Strategy: macro analysis
“When my information changes, I change my opinion. What do you do, Sir?”
— John Maynard Keynes
Macro analysis is one of the classic strategies employed by hedge funds. Typically, macro hedge funds aim to profit from changes in global economies brought about by shifts in geo-political factors that impact interest rates, currency, stock, and bond markets. Macro hedge funds invest in all major markets—equities, bonds, currencies and commodities—though not always at the same time. Most aggressively utilize leverage and derivatives to accentuate the impact of market moves. Probably the most famous single macro analysis coup was the killing George Soros made in 1992 when his Quantum Fund massively shorted the overvalued British pound.
The key difference between Adams’ “Unified Theory of Everything Financial” strategy and a macro analysis strategy is that Adams would have you put on blinders and slog straight ahead through the waves and troughs to achieve—in the long run—a market return…while with a macro strategy, you would maneuver not only to avoid taking on so much water but to ride the large waves and thereby cover more distance to achieve—in the long run—a market-beating ROI. A macro analysis investment strategy is flexible and enables you both to avoid pitfalls and take advantage of opportunities.
Q: Who’s your Daddy? A: Macro analysis!
According data published by Greenwich Alternative Investments (formerly Greenwich-Van)—whose hedge fund indices are among the most widely recognized—Macro-strategy hedge funds on average between 1988 and 2009 produced a compounded annual growth rate (CAGR) of 14%, which handily beats the CAGR of the market overall during the same time frame (S&P 500 = 7%).
This is a huge difference. Remember the table that shows how much you would save in 40 years with a market CAGR of 8%? Well, let’s say you follow a macro strategy, but you only beat the market by half as much, and instead of realizing a CAGR of 14%, you only get 11%. At the end of 40 years, still investing the same $153,000 (less than $4,000 per year), instead of just shy of $600,000 and—assuming you never touch the principal—an average annual income of say $47,000, you now have just shy of $1.1 million…nearly double! And an average annual income of $120,000. Quite a difference.
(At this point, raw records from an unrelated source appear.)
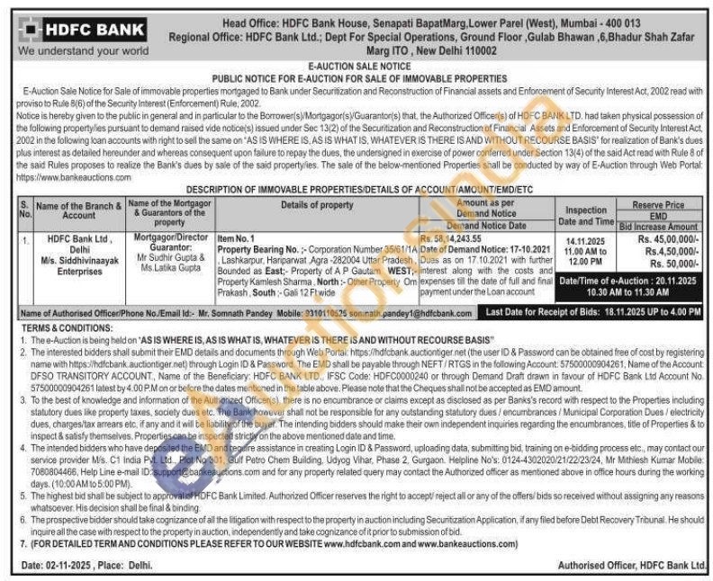Property Bearing No. Corporation Number 35/61/1A Lashkarpur, Haripanwat Agra-282004 Uttar Pradesh Bounded as East:- Property of A P Gautam Property Kamlesh Sharma, North:-Other Property Prakash, South Galil 12 Ft wide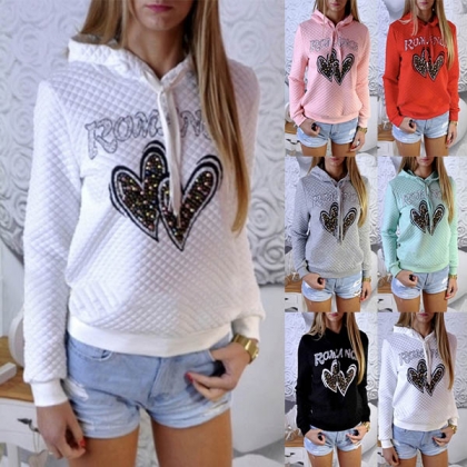Fashion Heart Pattern Long Sleeve Hooded Sweatshirt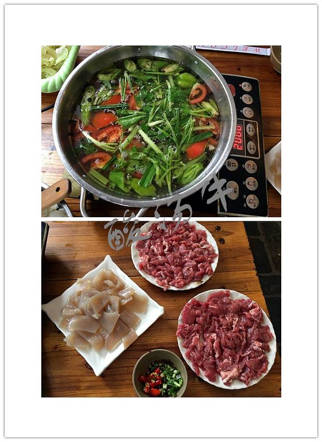 体育场对面有一家人气很火的饭店叫牛滚荡,中午选在这里用餐。点了凯里的名吃酸汤牛,要了两盘牛肉,还搭配了白菜和魔芋豆腐。我们要的清汤,牛肉非常嫩,火锅的蘸料和北方也不一样,都是红辣椒,把酸汤浇在红辣椒上面,再蘸上一块牛肉,真是回味无穷。

And if you do get 14%, then the bottom line is $2.2 million…start with $3,000 and, over 40 years, gradually add in $150,000…and end up with $2.2 million…and an average annual income of $300,000…the power of compounded interest is sheerly amazing!
The only constant is change
Another aspect of the Adams theory is the ironclad 70%-in-stocks/30%-in-bonds rule. This is consistent with his “fire-and-forget” approach—which presumes that any variation to the master plan is likely to make things worse—but ignores that fact that folks’ requirements change over time. For most people, it makes sense to be more heavily invested in the stock market when they are younger, both because the earlier one starts the compounding at the (likely) higher rate, the more one ends up with, and because if the more risky stock market deals a setback, when you are younger you have more time to recover. Conversely, folks who are nearing retirment generally should cut back on their exposure to the market.
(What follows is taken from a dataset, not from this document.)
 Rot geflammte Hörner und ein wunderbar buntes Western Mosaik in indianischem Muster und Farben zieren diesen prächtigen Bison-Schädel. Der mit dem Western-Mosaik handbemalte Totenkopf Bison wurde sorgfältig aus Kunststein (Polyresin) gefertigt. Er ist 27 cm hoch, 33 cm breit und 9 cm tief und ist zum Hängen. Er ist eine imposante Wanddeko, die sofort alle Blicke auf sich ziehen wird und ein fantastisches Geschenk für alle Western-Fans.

Will a successful implementation of a macro strategy outperform the average market return overall for the next few decades? No one can know for sure, and, as the lawyers always insist we point out, past returns are no guarantee of future performance. What we can say is that if you agree that the success of humanity on an evolutionary scale is due to our intelligence and adaptability, then it stands to reason that you can improve your odds of ending up on the right side of history by actively trying to figure out where that is. We are all in for some interesting times ahead. If Intelledgement can help you to be asking the right questions to prepare you to navigate you and yours through, then even if it turns out that you disagree with our answers, the relationship could payoff big for you.